3. L2/DA layers: batches, publications, proofs, challenge windows.
4. PSP/KYC/KYB/AML: payment statuses, checks, sanction hits.
5. Product events: onboarding, deposits/payments, gaming and behavioral events.
6. Directories: networks, assets, decimals, chainId, addresses, SDK versions.
For each source, the owner, scheme, update log, finalization window, evidence format and SLO are recorded.
3) Fusion pipeline architecture
Ingest (agents/indexers/webhook) → Raw/Bronze (unchangeable raw materials) → Clean/Silver (normalization and dedup) → Merge/Core/Gold (canonical facts and connections) → Marts (finance/product/risk/operating system) → Serve (OLAP/API/search).
Key properties: idempotency, schema versioning, replay/backfill, late data handling.
4) Canonical schemes (simplified)
4. 1 Events (YAML)
yaml event:
id: uuid observed_at: timestamp # when saw event_at: timestamp # when happened (by source)
chain_id: string # 'eth-mainnet' 'polygon'...
block_height: long tx_hash: string log_index: int type: string # transfer bridge. lock bridge. mint...
status: string # observed confirmed finalized invalid src: string # address/peer-id/org _ id dst: string asset: string # canonical character (USDC)
amount: decimal usd_value: decimal # normalization at the rate on the meta observed_at: object # gas, fee, contract, sdk_version...
idempotency_key: string # chainId block tx logIndex type proof_ref: string # proof/anchor reference
4. 2 Translations and Bridges (SQL)
sql
CREATE TABLE bridge_transfers (
id TEXT PRIMARY KEY,
src_chain TEXT, dst_chain TEXT,
asset TEXT, amount NUMERIC,
created_at TIMESTAMPTZ,
finalized_at TIMESTAMPTZ,
status TEXT, -- requested inflight finalized failed reversed src_tx TEXT, dst_tx TEXT,
proof_ref TEXT, meta JSONB
);
4. 3 Asset/Network Directory (YAML)
yaml catalog:
assets:
- symbol: USDC decimals: { eth-mainnet: 6, polygon: 6 }
contracts: { eth-mainnet: "0xA0b8...", polygon: "0x2791..." }
networks:
- id: eth-mainnet k_confirmations: 12
- id: polygon k_confirmations: 256
5) Finalization, reorgs and statuses
Состояния: `observed → confirmed(K) → finalized → invalidated(reorg)` (+ `challenged` для optimistic).
Politicians:- K-confirmations by network/asset/risk.
- Delayed Finalization for large amounts.
- Reorg handling: automatic disability and replay.

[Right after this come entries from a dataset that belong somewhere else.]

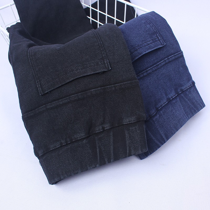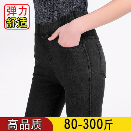 特大码胖mm高腰弹力加绒牛仔裤200斤女秋冬修身显瘦百搭小脚裤300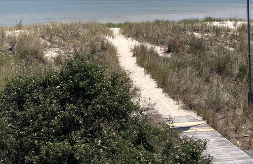This is an extraordinary home on a private beach (for homeowners and their guests). It has been professionally decorated and is a one-of-a-kind home. Every room has stunning views both to the Bay and the marsh behind it.
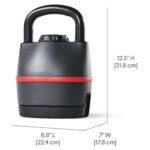 • Remplace 6 kettlebells traditionnelles (3,5 / 5,5 / 9 / 11 / 16 / 18 kg)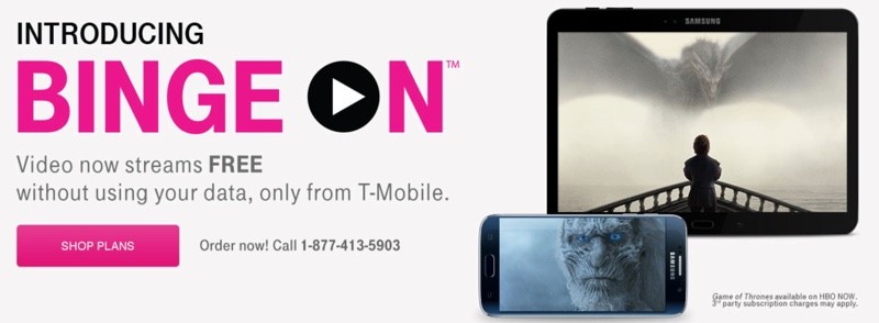 Launched in November, Binge On is a T-Mobile video service that allows T-Mobile subscribers to watch video from content partners without it counting against customer data plans. The catch is that it uses a proprietary data compression algorithm to stream the video in 480p. While Binge On can be disabled, using the feature requires partner video to be watched in 480p, which T-Mobile calls "DVD quality."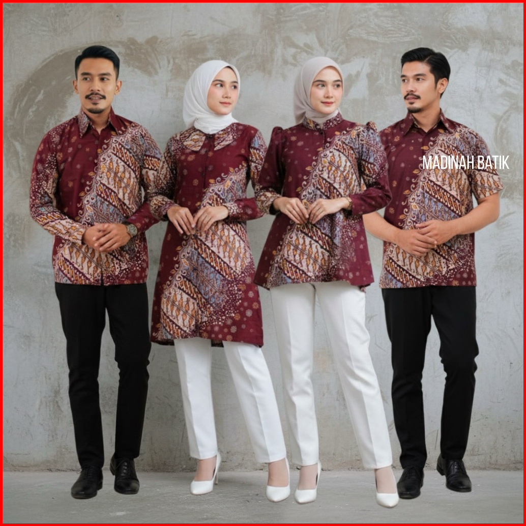 Batik Couple Wanita Modern Busui Kancing Depan Set Pakaian Couple Kemeja Batik Pria Pendek Atasan Batik Couple Te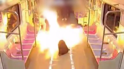 승객들이 놀라 달아나는 사이 남성은 휘발유에 불을 붙입니다.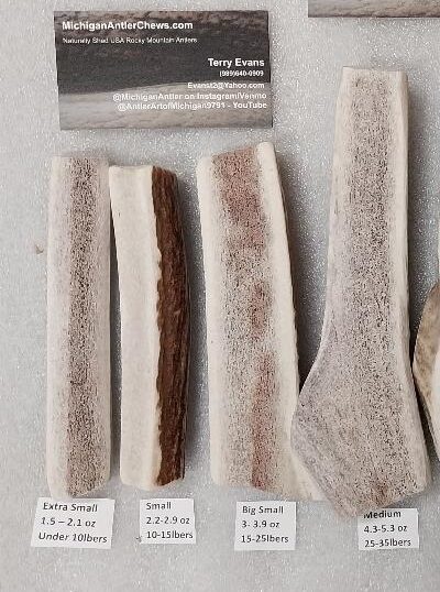 Dog Size – Under 10lbs Antler Weight – 1.5 to 2.1 ounce each Length – 4 to 5 inches As listed are medium to medium hard strength. If you need a tad harder or lighter please add a short note with purchase 🙂 Many Thanks, Terry Michigan Antler Since 1994
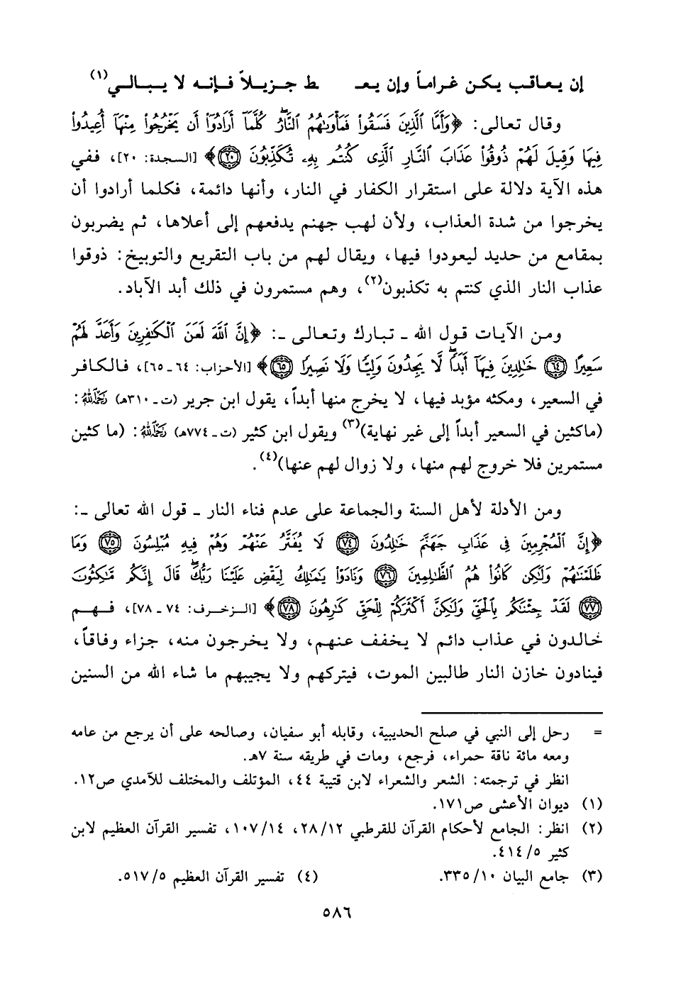 ومن الأدلة لأهل السنة والجماعة على عدم فناء النار - قول الله تعالى -: {إِنَّ الْمُجْرِمِينَ فِي عَذَابِ جَهَنَّمَ خَالِدُونَ * لَا يُفَتَّرُ عَنْهُمْ وَهُمْ فِيهِ مُبْلِسُونَ * وَمَا ظَلَمْنَاهُمْ وَلَكِن كَانُوا هُمُ الظَّالِمِينَ * وَنَادَوْا يَا مَالِكُ لِيَقْضِ عَلَيْنَا رَبُّكَ قَالَ إِنَّكُم مَّاكِثُونَ * لَقَدْ جِئْنَاكُم بِالْحَقِّ وَلَكِنَّ أَكْثَرَكُمْ لِلْحَقِّ كَارِهُونَ} [الزخرف: 74 - 78] ، فهم خالدون في عذاب دائم لا يخفف عنهم، ولا يخرجون منه، جزاء وفاقاً، فينادون خازن النار طالبين الموت، فيتركهم ولا يجيبهم ما شاء الله من السنين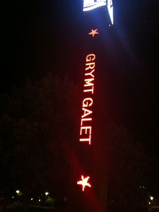 Kul neonskylt utanför Falkhallen. Dagens temperatur har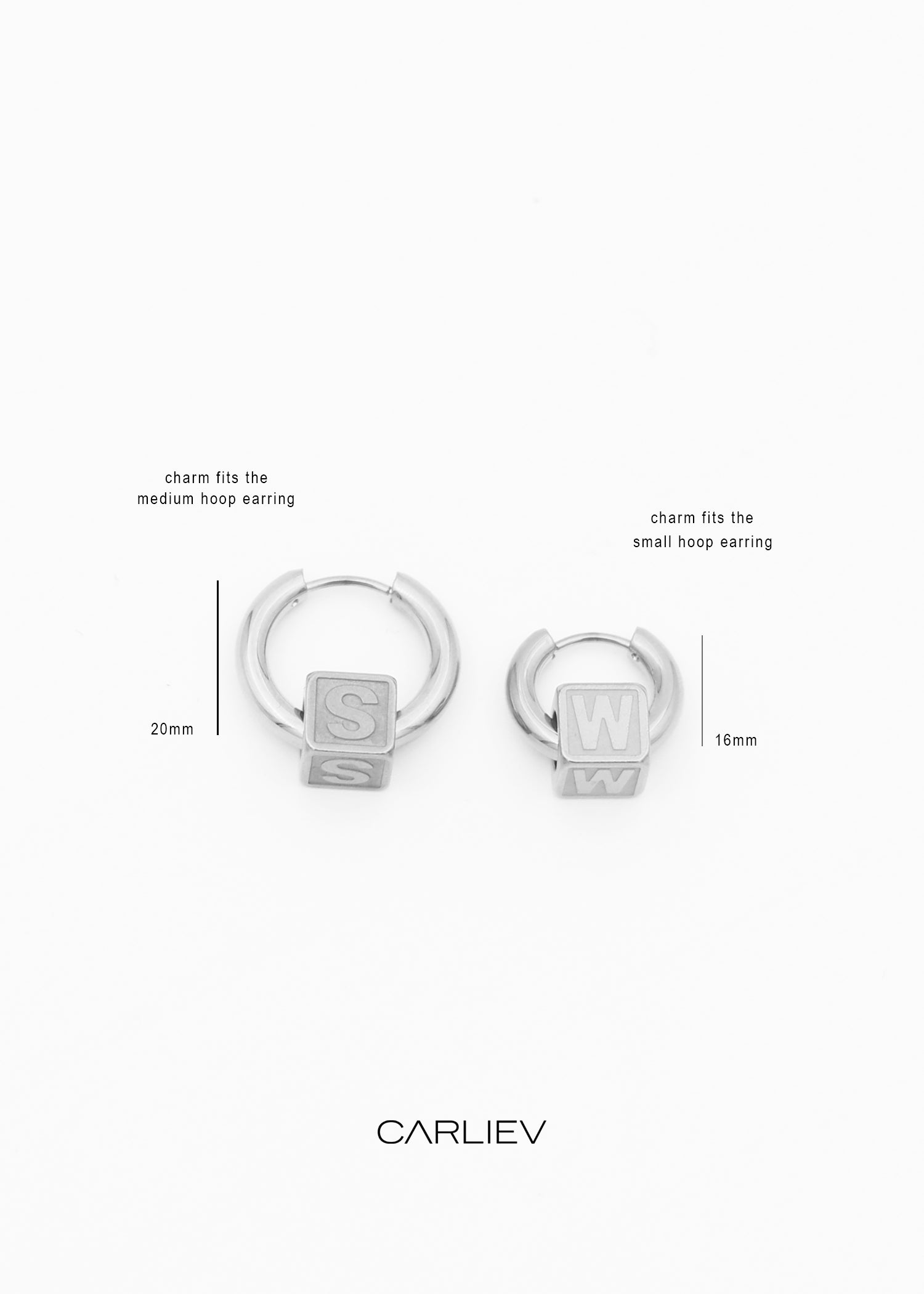 This Initial Dice is a versatile accessory designed to enhance your style. Crafted from durable water-resistant stainless steel with a silver-plated finish. Perfect to wear on a necklace chain, attach to a bagcharm, or pair with hoop earrings, it adds a personal touch wherever you choose to wear it.

- Proof coverage: percentage of records with rods/anchors ≥ target SLO.
6) Normalization of time and currencies
Time: all timestampts in UTC, store 'observed _ at' and 'event _ at'.
FX/asset prices: conversion of'usd _ value' at the rate of 'observed _ at' (or 'event _ at' - for reporting, defined by policy).
Decimals/scale: Strict canonization of quantities for comparability.
Time zones in reports: resolved during selection (showcase), not in core.
7) Identity and deduplication
Deduplication base key:- `idempotency_key = chainId|block_height|tx_hash|log_index|type`
- Duplicates from multiple indexers - upsert by idempotency_key.
- In case of a payload conflict, the policy of truth (source priority/version/time) is triggered.
- The deduplication window is stored ≥ 48-72 hours for "wandering" repetitions.
8) Entity Resolution
Addresses → actors: wallet/contract → user/organization/role.
Cross-chain links: hard-link (signature/kyc), soft-link (behavior/graph).
Pseudonymization: stable PID/ORG_ID; The PII is stored by the data controller.
9) Merger rules and priorities (Policy)
1. The source of truth on the fact of translation is the online event 'finalized' + proof.
2. The source of truth for aggregates is the core of the'transfers' bridge _ transfers' table, not the "raw material."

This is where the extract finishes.